In many cases, the domain of a function is trivial; that is, $\mathbb{R}^n$. Artificially restricted domains like $g$ above, or even your example, are frankly not common. More common are domains restricted to the region where the function is well defined, like $-\ln x$, or when considering a convex branch of a function, like $h$ above.
In your case, the domain is almost handed to you. The set $[0,1]^3$ is trivially convex, being the Cartesian product of intervals. But you must also confirm that the function is defined and finite on that interval. In this case, this is true if you use the $0\cdot\ln 0=0$ convention, which is reasonable to do since it's the limiting behavior of $x\ln x$. So the domain of $f$ truly is $[0,1]^3$.

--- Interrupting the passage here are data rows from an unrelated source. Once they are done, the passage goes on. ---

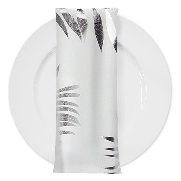 Leaf (Metallic Print) Table Napkin White and Silver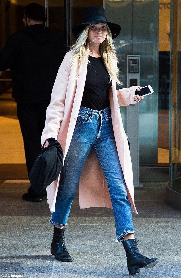 3. Model Off Duty com look preto, chapéu e um sobretudo de lei rosa pra quebrar a combinação básica.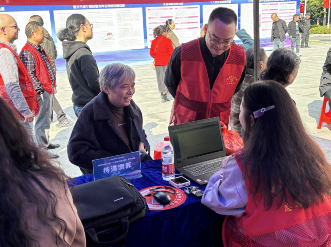 鄂州市“社保服務(wù)進(jìn)萬(wàn)家”主場(chǎng)活動(dòng)現(xiàn)場(chǎng),工作人員為即將退休的群眾測(cè)算社保待遇。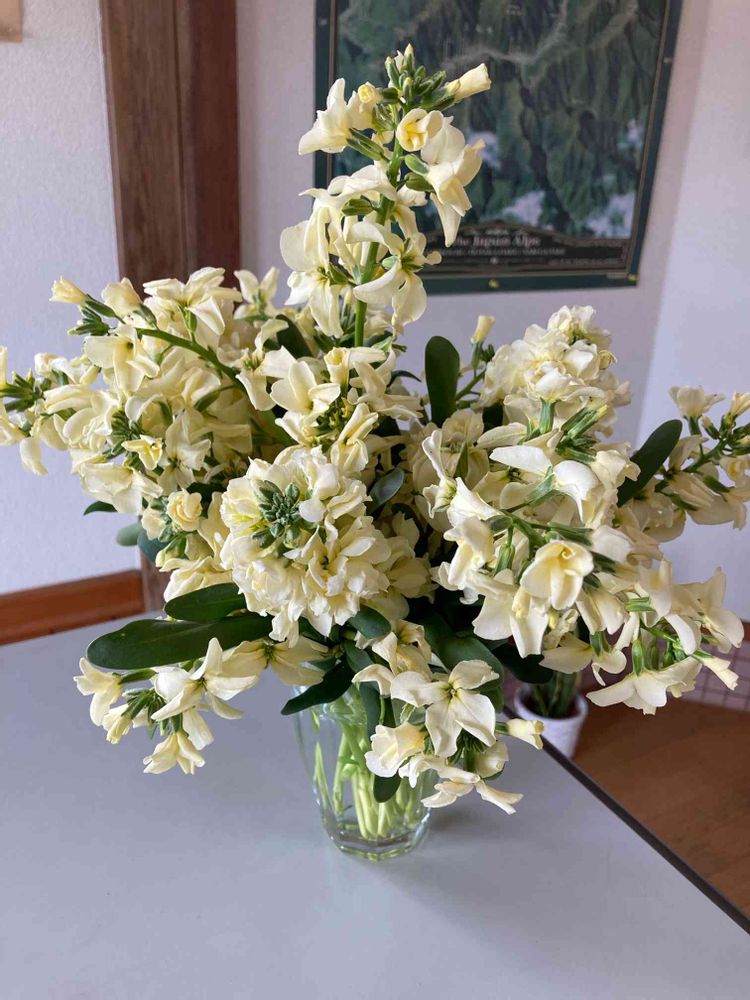 ストックが満開になり、切花組で植えた子たちのプランターからはみ出した枝をもらって飾ってみました。いい香りがします♪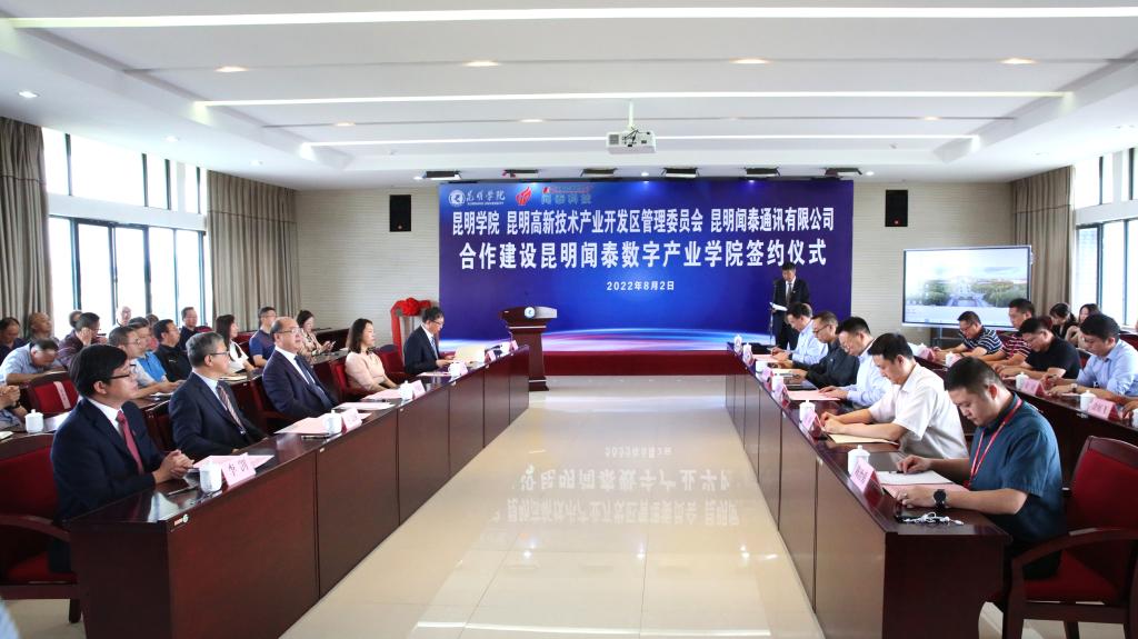 8月2日,beat365官方网站、昆明高新技术产业开发区管委会、昆明闻泰通讯有限公司全面战略合作协议签约仪式在校举行,三方将共建“昆明闻泰数字产业学院”,实现“校、地、企”人才智力优势、政策优势、产业优势强强联合,共同打造引领全省、全市数字经济发展的产业高地、科技高地和人才高地。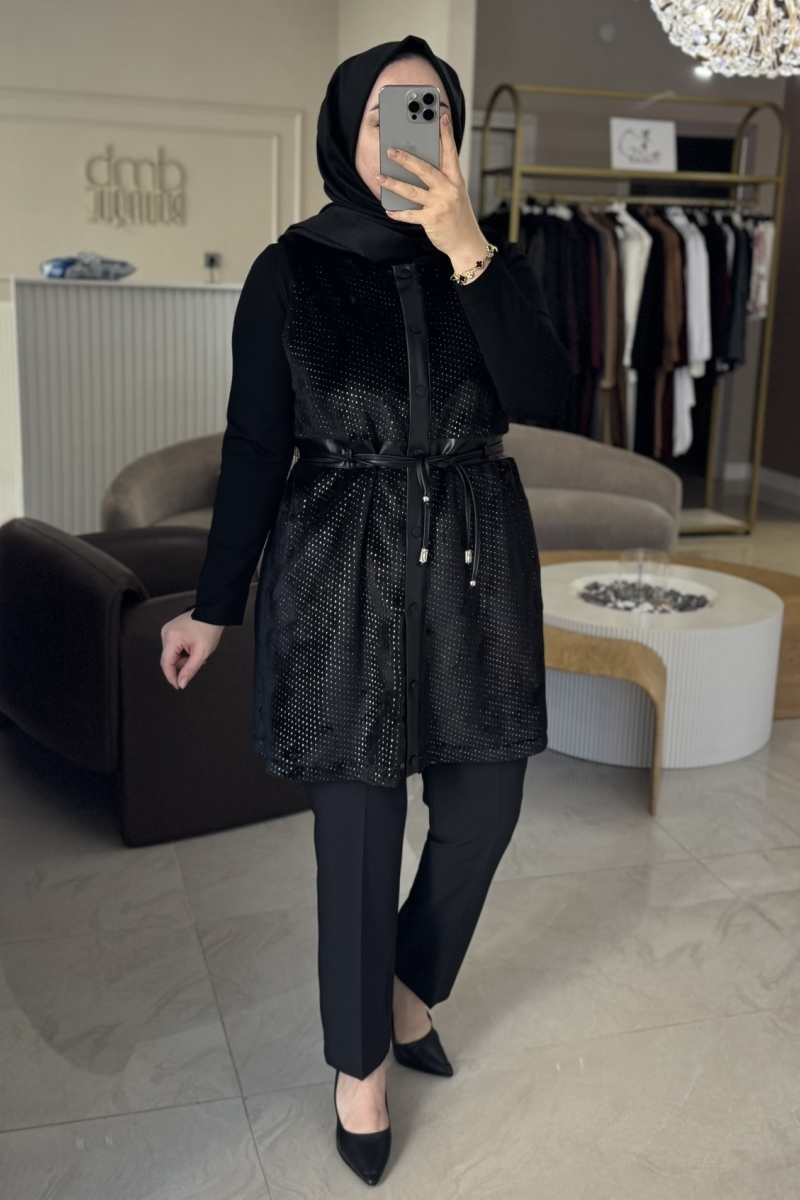 Esswaap Siyah Gümüş Detaylı Kürk Yelek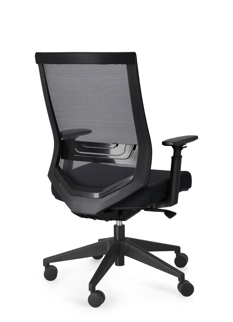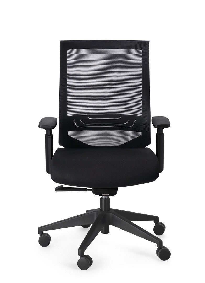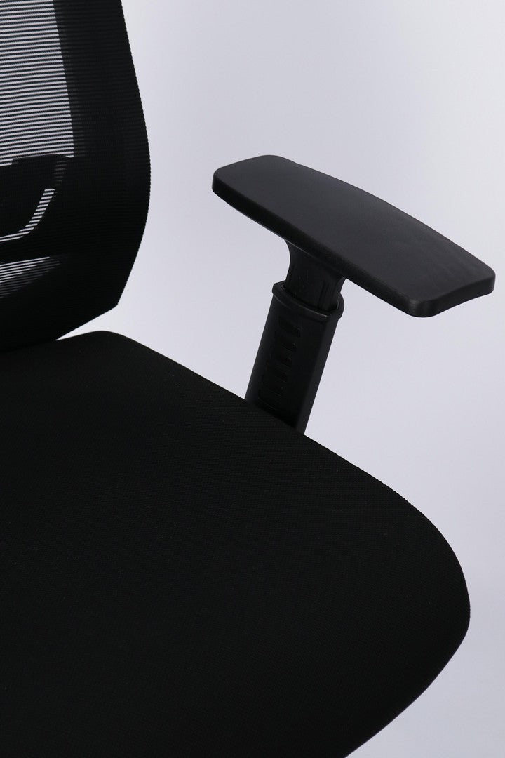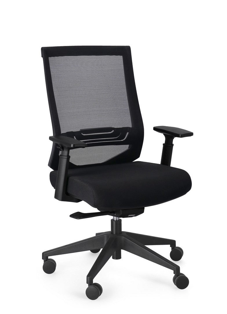 BASE IN NYLON Ø71 CM. RUOTE IN NYLON. SEDUTA CON IMBOTTITURA IN SCHIUMA POLIURETANICA DENSITA' 60KG/M3 E RIVESTIMENTO IN TESSUTO A RETE POLIESTERE 100%. SCHIENALE IN PLASTICA (PP) CON SUPPORTO LOMBARE CON RIVESTIMENTO IN TESSUTO A RETE POLIESTERE 100%. DOTATA DI MECCANISMO SYNCHRO CHE PERMETTE IL MOVIMENTO SINCRONIZZATO TRA SEDILE E SCHIENALE E IL BLOCCO DELLO SCHIENALE NELLA POSIZIONE DESIDERATA (3 POSIZIONI). ALTEZZA SEDUTA E BRACCIOLI REGOLABILE.
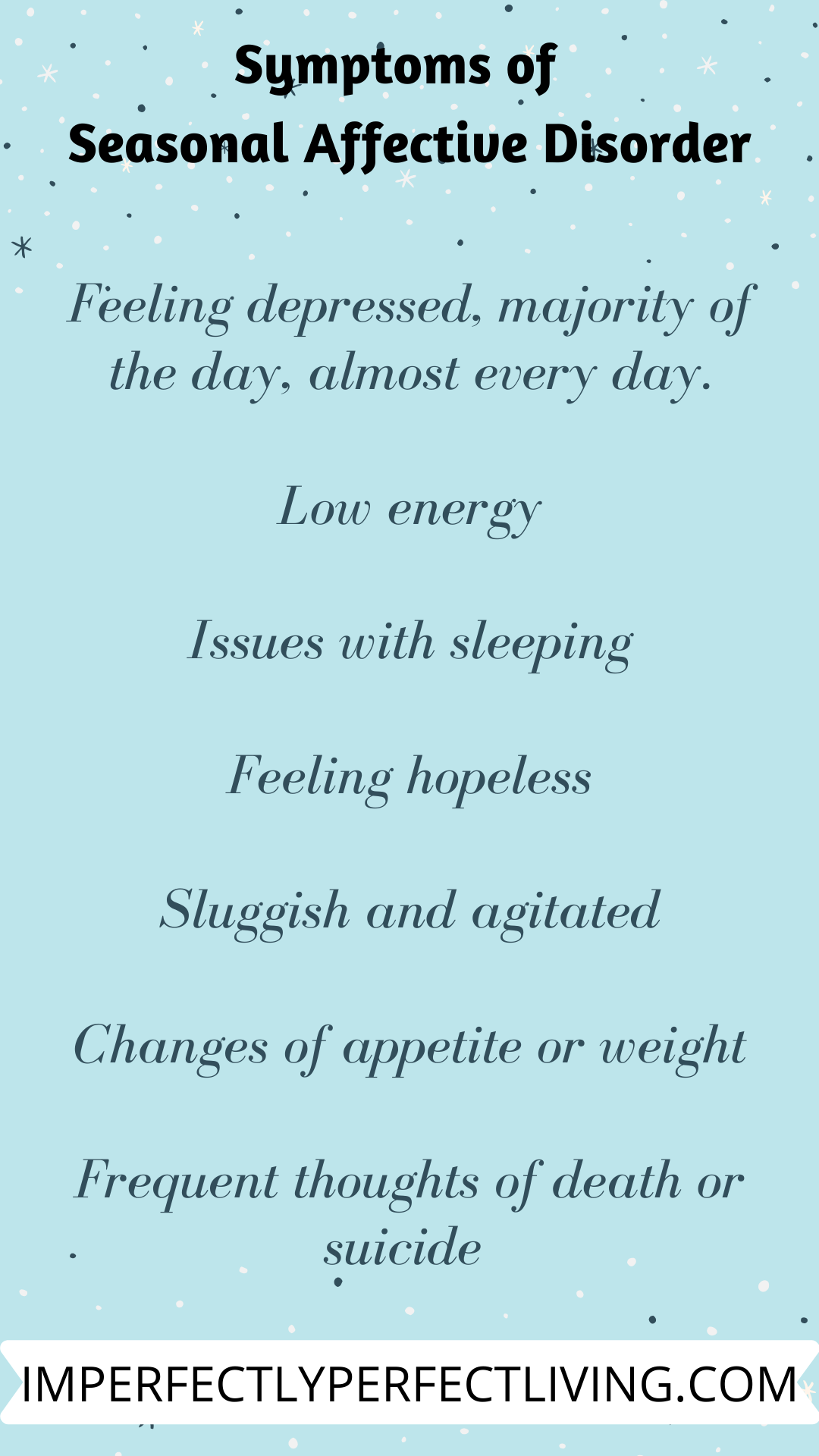 Many times you may just be experiencing the “winter blues”. This is when the dreary weather and the lack of sunlight just make for a gloomy day. If you have these symptoms you may actually have seasonal affective disorder, but be sure to speak with a mental health professional to be sure and get proper treatment.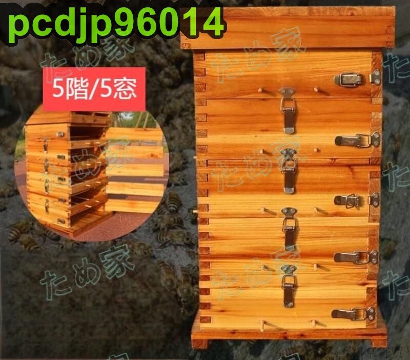 5階 蜜蜂巣箱 ミツバチ 巣箱 重箱式 養蜂箱 杉材 蜂ハイブ 格子箱 煮蝋 蜜蜂飼育箱 巣枠不要 自然造蜜 防水性と防食性5窓
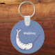 Keep your keys secure with this cute narwhal keychain or use this keyring as a backpack dangler or purse accessory. The keychain has a denim blue background and a fill-in-the-blank field so you can easily add your own name or short message. Makes a great small personalised gift or party favour. This keychain coordinates with other items in our Happy Narwhal collection.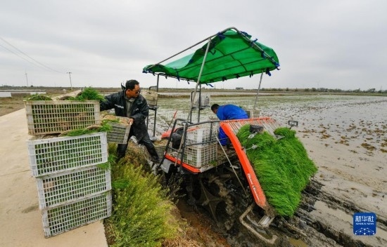 5月5日,在天津市寧河區(qū)東棘坨鎮(zhèn),農(nóng)民把秧苗放置到插秧機(jī)上。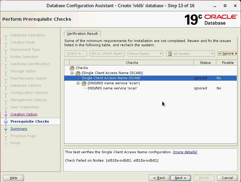 先决条件检查,因为安装的时候没有使用DNS及只使用了一个SCAN IP导致这两处没有通过,忽略即可。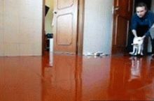 The cat doesn't like it when i wax the floor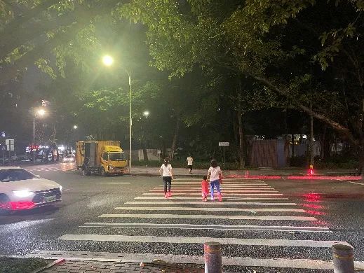 夜晚,路口車速明顯加快,特別雨霧天氣、對(duì)面車輛燈光影響等視線不足情況下,司機(jī)很難及時(shí)識(shí)別到過馬路的行人,這就非常危險(xiǎn)。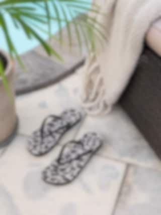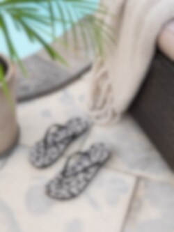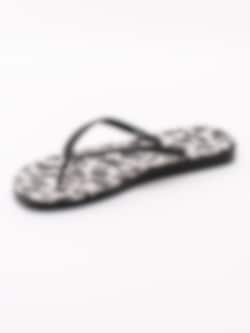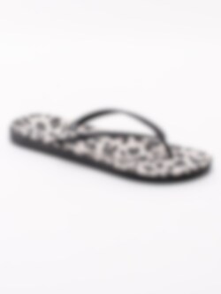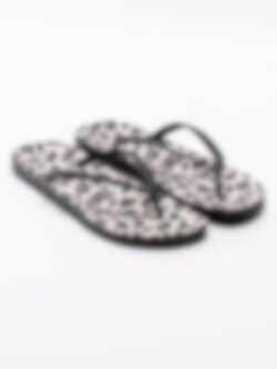 Svarta flip-flops Cheerful Paisley från Ilse Jacobsen. Snygga flip-flops med mönstrad sula med leopard-motiv. Glittriga remmar för att ge denna lediga modell en dressad look som kan matchas lika väl med bikinin till stranden som till den svarta bohemiska klänningen till kvällsmiddagen. Sömlös logotyp längs sulkant. Svart yttersula med randigt mönster.
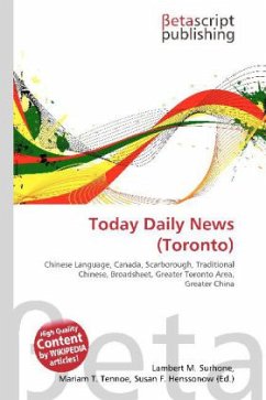 Please note that the content of this book primarily consists of articles available from Wikipedia or other free sources online. Today Daily News is a Chinese language newspaper in Canada, launched on November 1, 2005. It is published by Today Daily News International in Scarborough. It is called the Canada Eastern Edition even though it is the only edition published at the moment. The paper is published 7 days a week in traditional Chinese in the broadsheet format. News coverage includes headline news, news at the metro and national levels, news from Greater China, Chinese community news, international news, entertainment, financial news, sports, and supplements.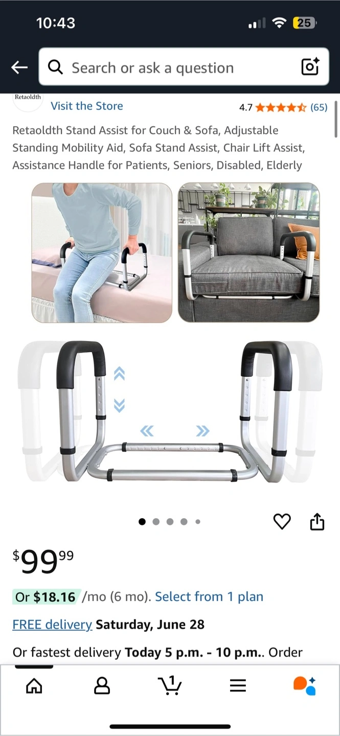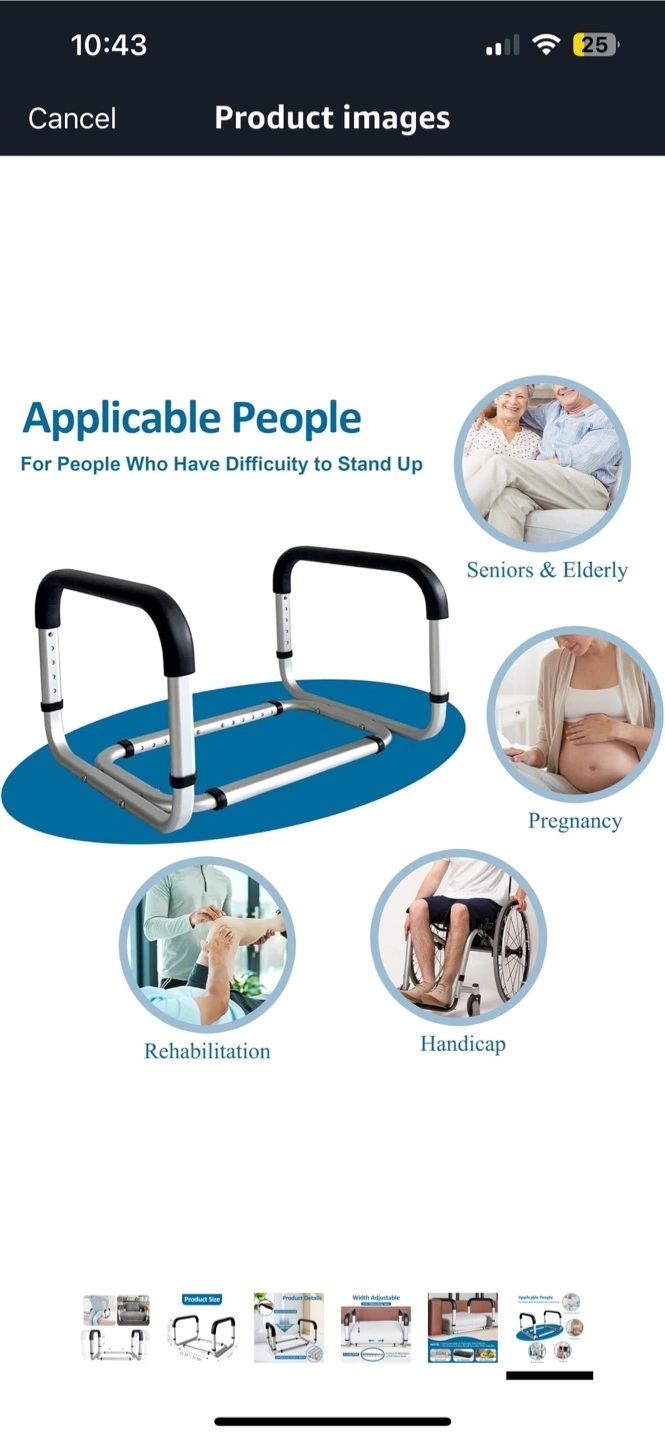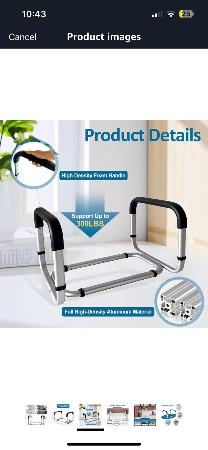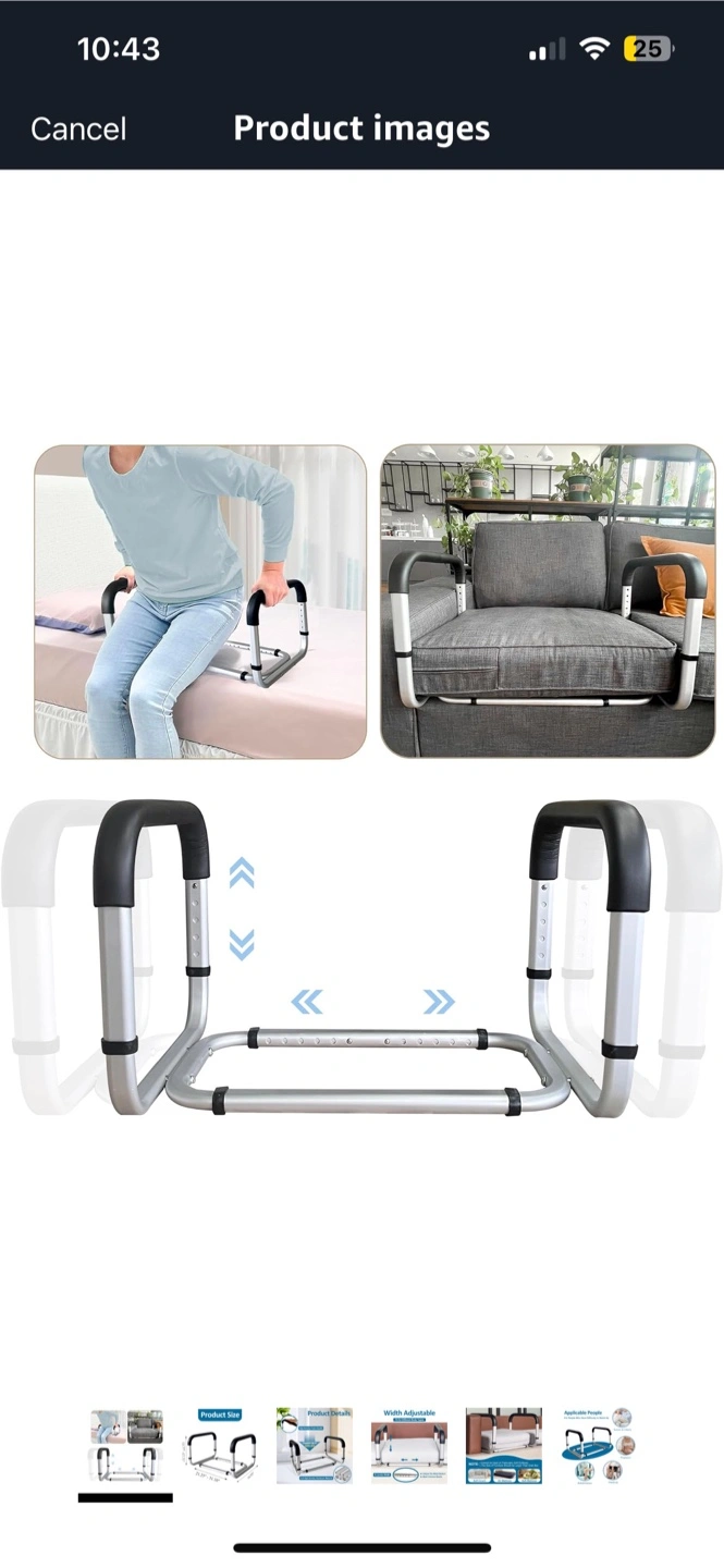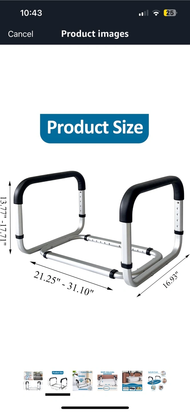 Selling a RETAOLDTH bed assist rail. It's designed to help you stand up safely from your bed. - High-density foam handle - Supports up to 300 lbs - Made from full high-density aluminum material It can be adjusted to fit different bed sizes, ranging from 21.25" to 31.10" in width, 13.77" to 17.71" in height, and 16.93" in depth. The box is included!

A common practice in convex analysis, by the way, is to define functions on the extended real number line $[-\infty,+\infty]$. Then the domain of a convex function simply becomes the set of points over which the function is finite. For instance: $$g(x) = \begin{cases} x^2 & x \leq 1 \text{ or } x \geq +1 \\ +\infty & -1<x<+1 \end{cases} \qquad h(x) = \begin{cases} 1/x & x>0 \\ +\infty & x \leq 0 \end{cases}$$ Your function becomes $$f(x,y,z)=\begin{cases} x\ln x+(y+z)\ln z+\alpha(x+y+z−1) & (x,y,z)\in[0,1]^3\\ +\infty & \text{otherwise} \end{cases}$$ It takes a bit of care to work with the extended real number line; you need to be careful not to do $\infty-\infty$ or $0\cdot \infty$. The reward is that all of this domain discussion disappears. In fact, a slightly modified secant test for convexity still works: an extended real function $f:\mathbb{R}^n\rightarrow[-\infty,+\infty]$ is convex iff $$f(\alpha x+(1-\alpha)y) \leq \alpha f(x) + (1-\alpha) f(y) \qquad \forall x,y\in\mathbb{R}^n, ~0<\alpha<1$$ Try this on $h(x)$ above, for instance: it works even if $x$ or $y$ is negative.